_ABOUT THIS EXERCISE_. Leaving out the images, transcribe every record below exactly.

_SUPPLIED RECORDS_.
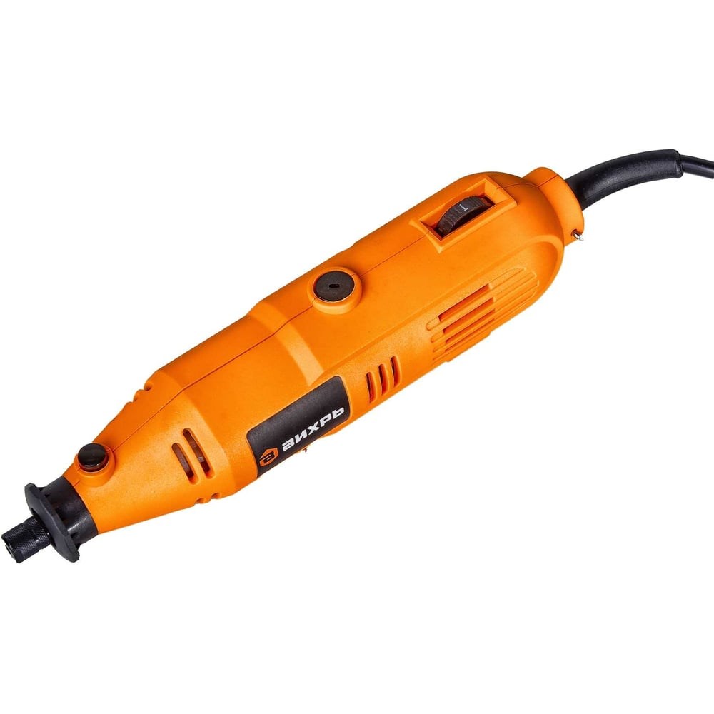 Электрический гравер Вихрь Г-150 – это ручной электроинструмент, который отличается многофункциональностью. Может использоваться для выполнения различных задач. Им можно шлифовать и полировать, наносить гравировку, фрезеровать и прочее. Гравер мощностью 150 Вт подходит для работы с деревом, камнем и другими материалами, для этого необходимо использовать соответствующие насадки. Может применяться в быту, а также в различных мастерских, в производственных цехах, на фабриках.Электродвигатель передает вращение на рабочую насадку посредством вала. Максимальная частота вращения может достигать 34000 об./мин. Возможность блокировки шпинделя существенно упрощает замену оснастки. Достаточно кнопкой зафиксировать вал, чтобы легко открутить гайку.Для удобства Вихрь Г-150 имеет кнопку выключения/включения в виде тумблера, который можно зафиксировать в необходимом положении, поэтому не нужно кнопку постоянно удерживать в процессе работы. Вес инструмента составляет 620 г, поэтому даже при длительной работе рука не устает. Скорость частоты вращения регулируется колесиком. Электрический гравер имеет быстрый доступ к щеткам, что существенно упрощает их замену и обслуживание инструмента. Поставляется гравер в пластиковом кейсе, поэтому его удобно хранить и транспортировать.
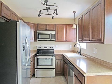 Professionally remodeled 4 bedroom, 2 bath bi level in quiet tucked away neighborhood. Brand new eat-in kitchen with tile floor, raised panel cabinets, solid surface counter tops, eating nook with new vinyl sliding glass doors & stainless & black appliances including smooth top range, built-in microwave, dishwasher & side-by-side refrigerator with water & ice in the door. 2 brand new baths both with tile flooring & designer tile accents. New carpeting & tile flooring throughout. New hardware & faucets. New lighting throughout. New electrical panel. New vinyl windows. New white 6-panel doors. New furnace. New hot water heater. New garage door with opener. Fresh paint both inside & out. New 12x10 deck. Rear patio. 1 1/2 year old roof. New front yard landscaping. Totally fenced yard. Enclosed dog run. Off street parking for cars or R.V.
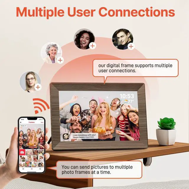 • [Share Photos and Videos Instantly Via "Frameo" APP]Share every wonderful moment with your family and friends. Connect the digital picture frame to a WiFi network and share photos and videos anytime and anywhere Via "Frameo" APP. Photos and videos can be presented within a few seconds, add titles to photos to show your mood and experience fully! Download the "frameo" app for iOS and Android for fr-ee to give you full control of the digital photo frame
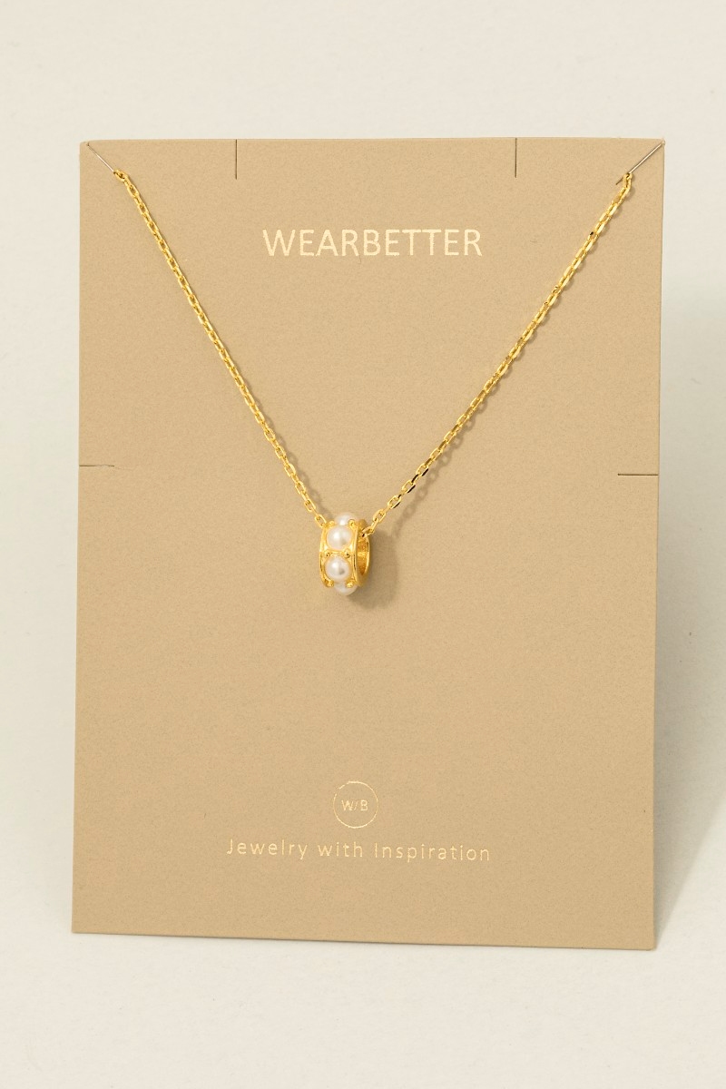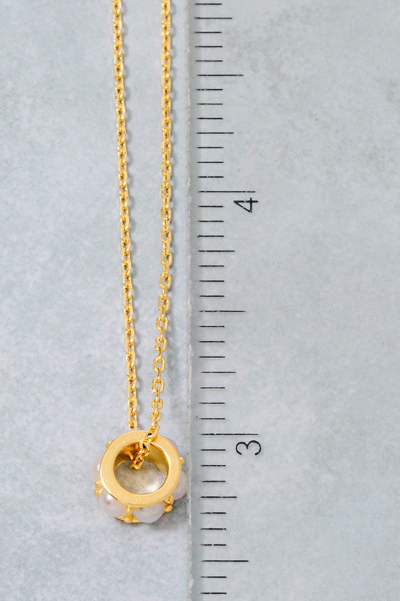 • This necklace showcases a timeless pearl studded ring pendant style. Explore a refined sense of style with this necklace, seamlessly elevating the chic factor of your look.
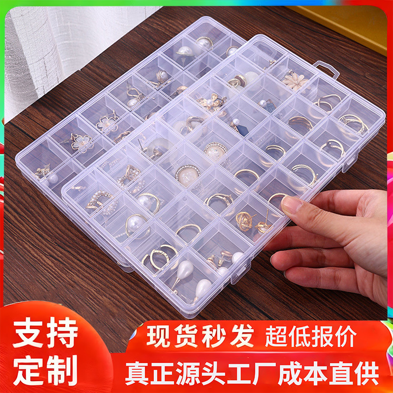 Jewelry Storage Box 28 Fixed Anti-string Jewelry Split Box Transparent Plastic Earrings Earrings Box Ring Storage Box

_RESULT OF THE EXERCISE_.
 Электрический гравер Вихрь Г-150 – это ручной электроинструмент, который отличается многофункциональностью. Может использоваться для выполнения различных задач. Им можно шлифовать и полировать, наносить гравировку, фрезеровать и прочее. Гравер мощностью 150 Вт подходит для работы с деревом, камнем и другими материалами, для этого необходимо использовать соответствующие насадки. Может применяться в быту, а также в различных мастерских, в производственных цехах, на фабриках.Электродвигатель передает вращение на рабочую насадку посредством вала. Максимальная частота вращения может достигать 34000 об./мин. Возможность блокировки шпинделя существенно упрощает замену оснастки. Достаточно кнопкой зафиксировать вал, чтобы легко открутить гайку.Для удобства Вихрь Г-150 имеет кнопку выключения/включения в виде тумблера, который можно зафиксировать в необходимом положении, поэтому не нужно кнопку постоянно удерживать в процессе работы. Вес инструмента составляет 620 г, поэтому даже при длительной работе рука не устает. Скорость частоты вращения регулируется колесиком. Электрический гравер имеет быстрый доступ к щеткам, что существенно упрощает их замену и обслуживание инструмента. Поставляется гравер в пластиковом кейсе, поэтому его удобно хранить и транспортировать.
 Professionally remodeled 4 bedroom, 2 bath bi level in quiet tucked away neighborhood. Brand new eat-in kitchen with tile floor, raised panel cabinets, solid surface counter tops, eating nook with new vinyl sliding glass doors & stainless & black appliances including smooth top range, built-in microwave, dishwasher & side-by-side refrigerator with water & ice in the door. 2 brand new baths both with tile flooring & designer tile accents. New carpeting & tile flooring throughout. New hardware & faucets. New lighting throughout. New electrical panel. New vinyl windows. New white 6-panel doors. New furnace. New hot water heater. New garage door with opener. Fresh paint both inside & out. New 12x10 deck. Rear patio. 1 1/2 year old roof. New front yard landscaping. Totally fenced yard. Enclosed dog run. Off street parking for cars or R.V.
 • [Share Photos and Videos Instantly Via "Frameo" APP]Share every wonderful moment with your family and friends. Connect the digital picture frame to a WiFi network and share photos and videos anytime and anywhere Via "Frameo" APP. Photos and videos can be presented within a few seconds, add titles to photos to show your mood and experience fully! Download the "frameo" app for iOS and Android for fr-ee to give you full control of the digital photo frame
 • This necklace showcases a timeless pearl studded ring pendant style. Explore a refined sense of style with this necklace, seamlessly elevating the chic factor of your look.
 Jewelry Storage Box 28 Fixed Anti-string Jewelry Split Box Transparent Plastic Earrings Earrings Box Ring Storage Box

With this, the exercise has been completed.